1. Le syndrome de l'autisme est une entité clinique extrêmement complexe à définir, aux frontières si floues qu'il est de plus en plus fait mention de l'existence d'autismes plutôt que d'autisme (Gepner, 2006a ; HAS, 2010a). Au-delà du consensus des critères symptomatologiques permettant le diagnostic et du consensus actuel portant sur la nature neuro-développementale du syndrome, l'hétérogénéité des manifestations cliniques apparait comme allant de pair avec son existence, et son étiologie demeure inconnue. L'une des premières constatations que l'on puisse faire sur la recherche liée au syndrome est qu'il n'existe pas de cadre de référence théorique unique, mais a contrario une multiplicité d'approches théoriques, diverses et variées, la plupart focalisées sur l'étude d'aspects spécifiques, selon les enjeux scientifiques personnels des chercheurs. Beaucoup de recherches se basent a priori sur la prémisse que l'autisme représente un tout homogène, ce qui permet un cadre de travail cohérent permettant de généraliser des résultats, notamment expérimentaux. Le champ d'investigation scientifique relatif à l'autisme ne semble pas connaître de limites et interroge de nombreuses disciplines scientifiques différentes, de la génétique à la psychologie,

17

lesquelles ne communiquent pas nécessairement entre elles. L'état général de la recherche actuelle sur le syndrome semble avoir pour conséquence un clivage entre l'autiste, objet de recherche théorique sur les mécanismes généraux de l'autisme, et la personne autiste, sujet humain dont les souffrances sont bien concrètes (Chamak et Cohen, 2003).

2. Les personnes adultes sujettes à la fois au syndrome et à un retard mental profond, quant à elles, ne sont que très rarement prises en compte dans les études, puisqu'elles impliquent des problèmes éthiques et méthodologiques évidents. Le fait est que, face à de telles personnes, les connaissances scientifiques actuelles sur l'autisme restent d'autant plus relatives et fragmentaires, et ne peuvent en aucun cas être appliquées stricto sensu. Au-delà de la catégorisation usuelle de ces personnes selon leur écart à la norme (faible quotient intellectuel, trouble de l'interaction sociale, trouble de la communication, comportements restreints et stéréotypés), leur constitution psychique demeure a priori inconnue, différente à la fois de celle d'un sujet tout venant et de celle d'un sujet avec autisme sans retard mental. 3. Etudier ces sujets au sein de leur contexte, en référence aux notions de handicap et de suppléance sensorielle visuo-tactile, implique en outre de chercher à comprendre leur problématique en situation, d'un point de vue centré sur le sujet, et de chercher pour cela à mettre en perspective leurs différences développementales (liées à l'expression phénotypique spécifique et individuelle de la pathologie au cours de l'histoire de chacun) avec le fonctionnement concret de leur milieu de vie au quotidien, qui est lui-même très complexe. La perspective écologique de cette étude implique également de prendre en compte l'impact de notre propre présence sur les sujets et sur la situation de recherche.

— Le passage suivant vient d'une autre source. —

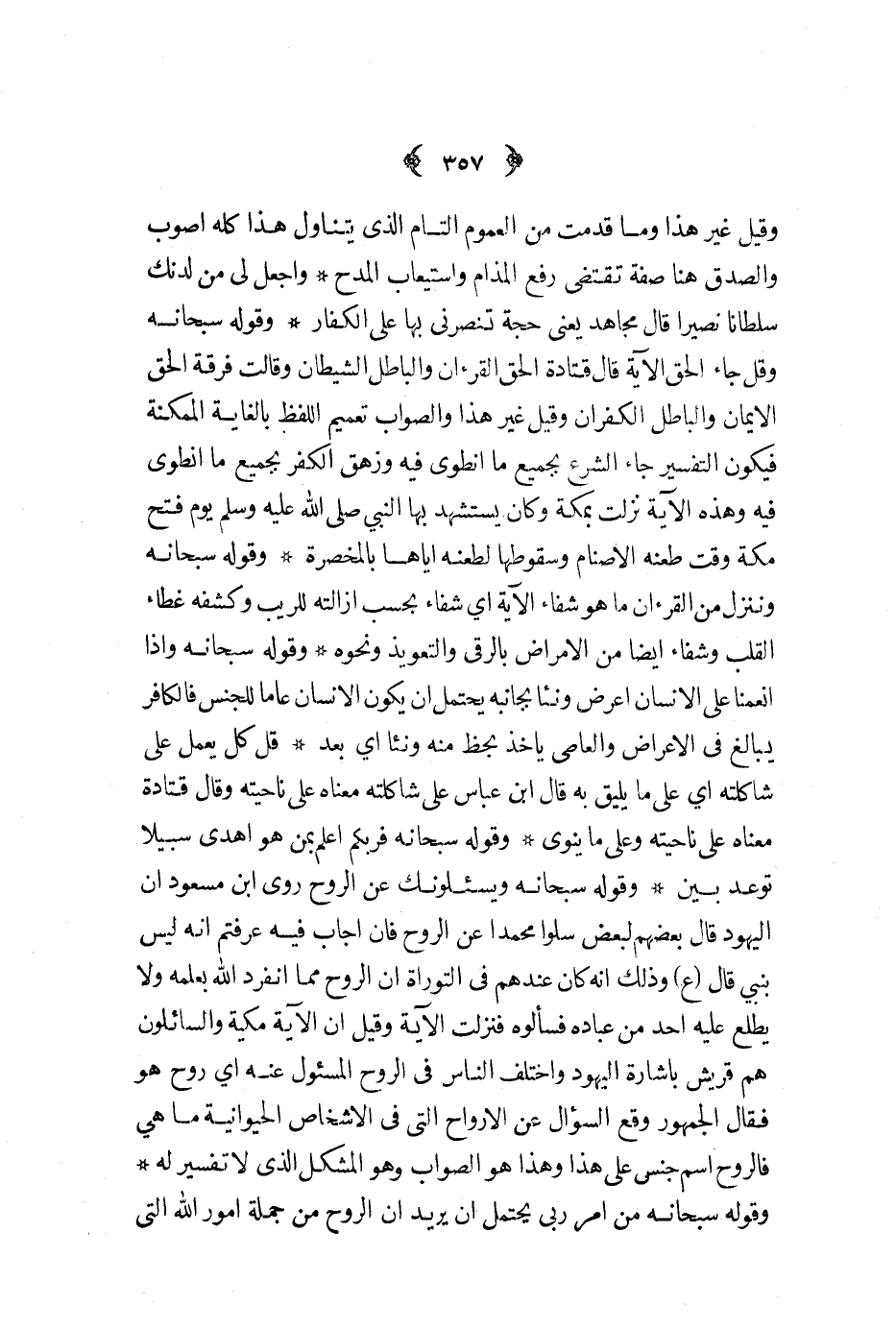 وقوله سبحانه ويسئلونك عن الروح روى ابن مسعود أن اليهود قال بعضهم لبعض سلوا محمد عن الروح فإن أجاب فيه عرفتم أنه ليس بنبي قال ع وذلك أنه كان عندهم في التوراة أن الروح مما أنفرد الله بعلمه ولا يطلع عليه أحد من عباده فسألوه فنزلت الآية وقيل أن الآية مكية والسائلون هم قريش بإشارة اليهود واختلف الناس في الروح المسئول عنه أي روح هو فقال الجمهور وقع السؤال عن الأرواح التي في الأشخاص الحيوانية ما هي فالروح اسم جنس على هذا وهذا هو الصواب وهو المشكل الذي لا تفسير له

Ces éléments induisent la prise en compte de deux difficultés épistémologiques majeures en sciences, surtout en sciences humaines, pouvant conduire notre démarche scientifique à une "erreur épistémologique" (Bateson, 1972/1980a). Celles-ci sont décrites par Jarroson (1992) de la manière suivante :

"D'une part, un modèle de la réalité ne rend pas complètement compte de la

complexité de cette réalité et, d'autre part, l'autoréférence interdit toute description complète et objective du réel. La première difficulté est générale, la seconde en est un élément particulier" (p.184).

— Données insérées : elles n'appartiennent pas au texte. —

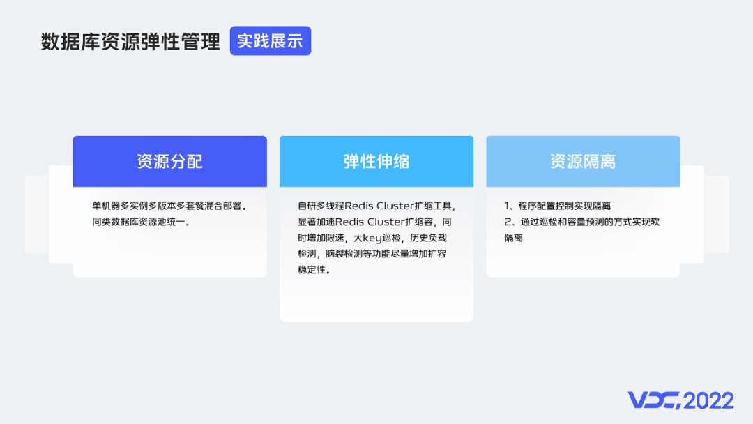 传统数据库占主流,从数量上看,线上数据库数万个实例,85%是REDIS,10%是MySQL,剩下5%是其它数据库。都是存算一体的传统数据库,弹性伸缩能力并不完美,例如开源Redis Cluster的弹性伸缩是单线程的,上了一定数据规模后其扩缩速度和稳定性都有待进一步提升。当前数据库资源管理还没有容器化,数据库资源隔离得另想办法。同时对于Redis等传统数据库来说,容器化也不能解决其弹性伸缩的速度和稳定性问题,这些都只能从数据库软件本身上去解决。目前数据库资源都是直接部署在物理机上,PB级数据直接部署在数千台物理机上,数据库成本问题比较敏感。3.2 资源弹性管理主要实现点针对上述问题,vivo数据库平台主要做了如下工作:

D'une manière simple, on pourrait définir le biais d'autoréférence comme l'impossibilité de se soustraire au fait que l'élaboration d'un modèle théorique est inévitablement le produit du système cognitif du chercheur qui en est à l'origine (Varela et al., 1993 ; Morin, 1980). "L'expérience de toute chose extérieure est validée de manière particulière par la structure

18

humaine, qui rend possible « la chose » qui surgit dans la description" (Maturana et Varela,

1992/1994, p.12). Prendre en considération l'existence du biais d'autoréférence peut permettre d'éviter de se référer implicitement et a priori à des "prémisses erronées", et implique de prendre au sérieux l'idée qu'"il n'existe pas de fait dans la nature", ou dit autrement, qu'"il

existe un nombre infini de faits potentiels, parmi lesquels le jugement en sélectionne quelques-uns, qui ne deviennent réellement des faits que par cet acte de sélection" (Bateson,

1972/1980a, p.282). Ceci nous amène à plusieurs remarques essentielles.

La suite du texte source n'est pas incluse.